Feiz described the Iraniang government as “incapable” and pressed for an expansive revolution to bring democracy and freedom of speech, thought and religion to Iran.
“We want freedom, we want democracy in Iran, we want a better Iran,” Feiz said. “This time, it is different from before because enough is enough. We have seen a lot. We cannot believe their lies anymore.”
Payandeh said responses to the demonstration have been majoritively positive, with some exceptions.
“Some people know what’s going on in Iran and they support us. Some people unfortunately think that this is Islamophobia,” Payandeh said. “We have respect for all religions. What we want is the right to be free to choose your religion, to choose your lifestyle to wear or not to wear what you want.”
Payandeh added that standing up to the human rights abuses against Mahsa Amini reflects advocacy for women’s rights beyond Iran.
“If you stand up for Iranian women, then you send this message even to your own authorities to your own government that, ‘Hey, we are here for women and don’t you dare to touch other rights here because we stand up for all women around the world,’” he continued.

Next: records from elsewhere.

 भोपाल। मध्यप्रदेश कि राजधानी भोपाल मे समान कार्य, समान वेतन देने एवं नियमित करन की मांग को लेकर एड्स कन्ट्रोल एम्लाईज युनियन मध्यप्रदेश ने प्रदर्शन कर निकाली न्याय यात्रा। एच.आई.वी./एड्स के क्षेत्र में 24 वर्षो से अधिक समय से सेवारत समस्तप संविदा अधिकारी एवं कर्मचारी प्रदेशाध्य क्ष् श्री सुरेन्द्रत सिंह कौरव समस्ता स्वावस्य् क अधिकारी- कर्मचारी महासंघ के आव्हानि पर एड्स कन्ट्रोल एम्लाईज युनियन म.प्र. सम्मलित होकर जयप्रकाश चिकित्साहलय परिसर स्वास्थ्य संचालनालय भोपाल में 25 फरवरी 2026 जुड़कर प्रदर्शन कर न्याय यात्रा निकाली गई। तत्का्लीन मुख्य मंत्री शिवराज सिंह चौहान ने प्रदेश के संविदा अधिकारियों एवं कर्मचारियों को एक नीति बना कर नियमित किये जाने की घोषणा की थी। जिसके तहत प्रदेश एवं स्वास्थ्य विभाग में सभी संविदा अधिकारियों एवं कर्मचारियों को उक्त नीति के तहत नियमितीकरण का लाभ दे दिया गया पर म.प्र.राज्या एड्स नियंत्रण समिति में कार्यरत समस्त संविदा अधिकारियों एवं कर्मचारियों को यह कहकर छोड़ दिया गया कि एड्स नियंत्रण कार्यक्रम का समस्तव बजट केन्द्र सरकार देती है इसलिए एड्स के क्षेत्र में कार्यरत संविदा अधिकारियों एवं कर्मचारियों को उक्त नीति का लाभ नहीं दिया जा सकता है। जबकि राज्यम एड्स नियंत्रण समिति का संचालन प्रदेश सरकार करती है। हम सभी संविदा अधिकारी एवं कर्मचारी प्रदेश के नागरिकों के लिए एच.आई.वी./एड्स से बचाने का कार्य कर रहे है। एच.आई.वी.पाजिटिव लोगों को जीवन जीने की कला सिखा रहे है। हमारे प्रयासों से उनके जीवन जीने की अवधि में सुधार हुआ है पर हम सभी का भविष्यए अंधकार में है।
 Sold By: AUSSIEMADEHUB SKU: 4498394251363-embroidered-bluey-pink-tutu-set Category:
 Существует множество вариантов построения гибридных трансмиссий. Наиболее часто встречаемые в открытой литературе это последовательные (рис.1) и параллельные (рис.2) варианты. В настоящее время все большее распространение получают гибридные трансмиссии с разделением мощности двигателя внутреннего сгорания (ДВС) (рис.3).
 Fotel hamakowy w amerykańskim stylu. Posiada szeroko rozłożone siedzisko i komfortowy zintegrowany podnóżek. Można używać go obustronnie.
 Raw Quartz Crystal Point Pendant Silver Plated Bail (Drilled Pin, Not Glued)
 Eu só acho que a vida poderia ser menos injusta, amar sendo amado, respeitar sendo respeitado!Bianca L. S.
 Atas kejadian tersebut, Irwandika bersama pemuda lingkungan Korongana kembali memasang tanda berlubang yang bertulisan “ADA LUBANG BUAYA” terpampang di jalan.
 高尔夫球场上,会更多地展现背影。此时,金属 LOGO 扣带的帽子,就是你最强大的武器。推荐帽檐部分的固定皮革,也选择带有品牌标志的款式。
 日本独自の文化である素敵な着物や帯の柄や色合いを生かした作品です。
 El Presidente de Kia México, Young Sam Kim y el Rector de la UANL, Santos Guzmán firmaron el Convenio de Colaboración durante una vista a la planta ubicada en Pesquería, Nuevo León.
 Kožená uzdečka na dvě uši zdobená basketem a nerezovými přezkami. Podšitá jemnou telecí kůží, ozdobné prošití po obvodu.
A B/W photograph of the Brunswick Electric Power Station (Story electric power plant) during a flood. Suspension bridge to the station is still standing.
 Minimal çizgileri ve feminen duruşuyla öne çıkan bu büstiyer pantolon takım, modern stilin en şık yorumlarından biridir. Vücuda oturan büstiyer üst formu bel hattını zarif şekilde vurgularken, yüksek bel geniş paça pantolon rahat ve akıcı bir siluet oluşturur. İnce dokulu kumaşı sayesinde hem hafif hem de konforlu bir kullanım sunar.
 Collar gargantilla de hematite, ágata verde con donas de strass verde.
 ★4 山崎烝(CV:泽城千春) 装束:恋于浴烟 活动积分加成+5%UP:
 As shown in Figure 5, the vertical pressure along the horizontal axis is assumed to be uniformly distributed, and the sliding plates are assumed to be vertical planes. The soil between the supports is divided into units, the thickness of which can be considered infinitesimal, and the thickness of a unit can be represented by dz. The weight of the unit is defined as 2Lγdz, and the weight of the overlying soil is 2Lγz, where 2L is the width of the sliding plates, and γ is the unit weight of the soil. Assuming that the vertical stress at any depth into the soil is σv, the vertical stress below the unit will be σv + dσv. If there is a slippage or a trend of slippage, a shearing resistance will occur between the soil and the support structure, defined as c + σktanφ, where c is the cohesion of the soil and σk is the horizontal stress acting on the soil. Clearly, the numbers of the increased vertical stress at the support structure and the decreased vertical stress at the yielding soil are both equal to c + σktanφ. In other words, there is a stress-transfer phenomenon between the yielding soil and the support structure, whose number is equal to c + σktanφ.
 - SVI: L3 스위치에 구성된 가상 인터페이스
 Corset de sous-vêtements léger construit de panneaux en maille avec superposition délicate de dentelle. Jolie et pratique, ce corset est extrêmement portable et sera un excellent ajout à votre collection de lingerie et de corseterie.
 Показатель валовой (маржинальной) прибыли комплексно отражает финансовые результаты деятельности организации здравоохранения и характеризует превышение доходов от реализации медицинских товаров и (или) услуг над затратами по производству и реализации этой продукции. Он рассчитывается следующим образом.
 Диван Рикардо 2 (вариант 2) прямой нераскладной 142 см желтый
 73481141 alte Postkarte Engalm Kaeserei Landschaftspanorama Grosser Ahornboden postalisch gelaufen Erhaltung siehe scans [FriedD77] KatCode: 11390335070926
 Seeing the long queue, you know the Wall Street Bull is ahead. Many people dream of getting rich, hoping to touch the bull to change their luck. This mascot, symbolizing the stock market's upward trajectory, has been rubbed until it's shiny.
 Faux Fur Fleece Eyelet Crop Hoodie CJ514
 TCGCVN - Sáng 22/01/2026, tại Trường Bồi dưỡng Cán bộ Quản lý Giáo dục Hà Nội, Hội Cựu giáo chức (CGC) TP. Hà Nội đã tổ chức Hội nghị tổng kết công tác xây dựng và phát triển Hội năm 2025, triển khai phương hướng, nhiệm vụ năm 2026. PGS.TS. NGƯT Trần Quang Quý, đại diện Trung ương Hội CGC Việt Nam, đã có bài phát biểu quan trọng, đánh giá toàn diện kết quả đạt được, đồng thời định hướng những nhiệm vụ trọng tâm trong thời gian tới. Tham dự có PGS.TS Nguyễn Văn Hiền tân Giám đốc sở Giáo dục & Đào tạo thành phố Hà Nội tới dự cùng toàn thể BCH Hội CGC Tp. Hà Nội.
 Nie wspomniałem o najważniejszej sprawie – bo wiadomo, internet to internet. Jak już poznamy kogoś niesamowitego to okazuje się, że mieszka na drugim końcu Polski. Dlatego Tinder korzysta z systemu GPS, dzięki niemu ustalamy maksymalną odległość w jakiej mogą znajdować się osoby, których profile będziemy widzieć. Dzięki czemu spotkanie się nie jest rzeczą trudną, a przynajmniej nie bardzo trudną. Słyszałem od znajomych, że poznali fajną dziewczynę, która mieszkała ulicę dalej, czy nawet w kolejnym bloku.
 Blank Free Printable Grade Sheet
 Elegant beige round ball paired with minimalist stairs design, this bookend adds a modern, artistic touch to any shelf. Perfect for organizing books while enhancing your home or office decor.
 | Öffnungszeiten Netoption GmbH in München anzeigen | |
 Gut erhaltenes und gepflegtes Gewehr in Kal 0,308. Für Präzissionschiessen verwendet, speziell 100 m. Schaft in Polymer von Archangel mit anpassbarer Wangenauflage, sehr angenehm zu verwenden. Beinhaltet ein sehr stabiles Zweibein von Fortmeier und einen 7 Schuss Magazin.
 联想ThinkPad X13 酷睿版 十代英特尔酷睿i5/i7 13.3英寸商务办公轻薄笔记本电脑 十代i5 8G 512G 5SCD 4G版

Although the UCSB protests have been organized individually, Payandeh said their group is in contact with Iranian communities at other universities to coordinate chants, draft joint statements and promote a consistent message.
“There’s not much we can do, and this is the only thing we can do,” he said. “If you look at just the Iranian community at UCSB, we have a small community — it’s not a big movement.”
Payandeh said that he hopes for the group, which is still in its infancy, to develop a long term focus and continue supporting Iranian human rights movements in the future.
“We still have to work and we need such groups to manage our protest and help people in my country,” he said. “Even if women can get their hijab rights, there are lots of other things that we have to fight for that I listed, lots of freedoms and rights that we don’t have right now.”
A version of this article appeared on p. 1 of the Sept. 29, 2022 print edition of the Daily Nexus.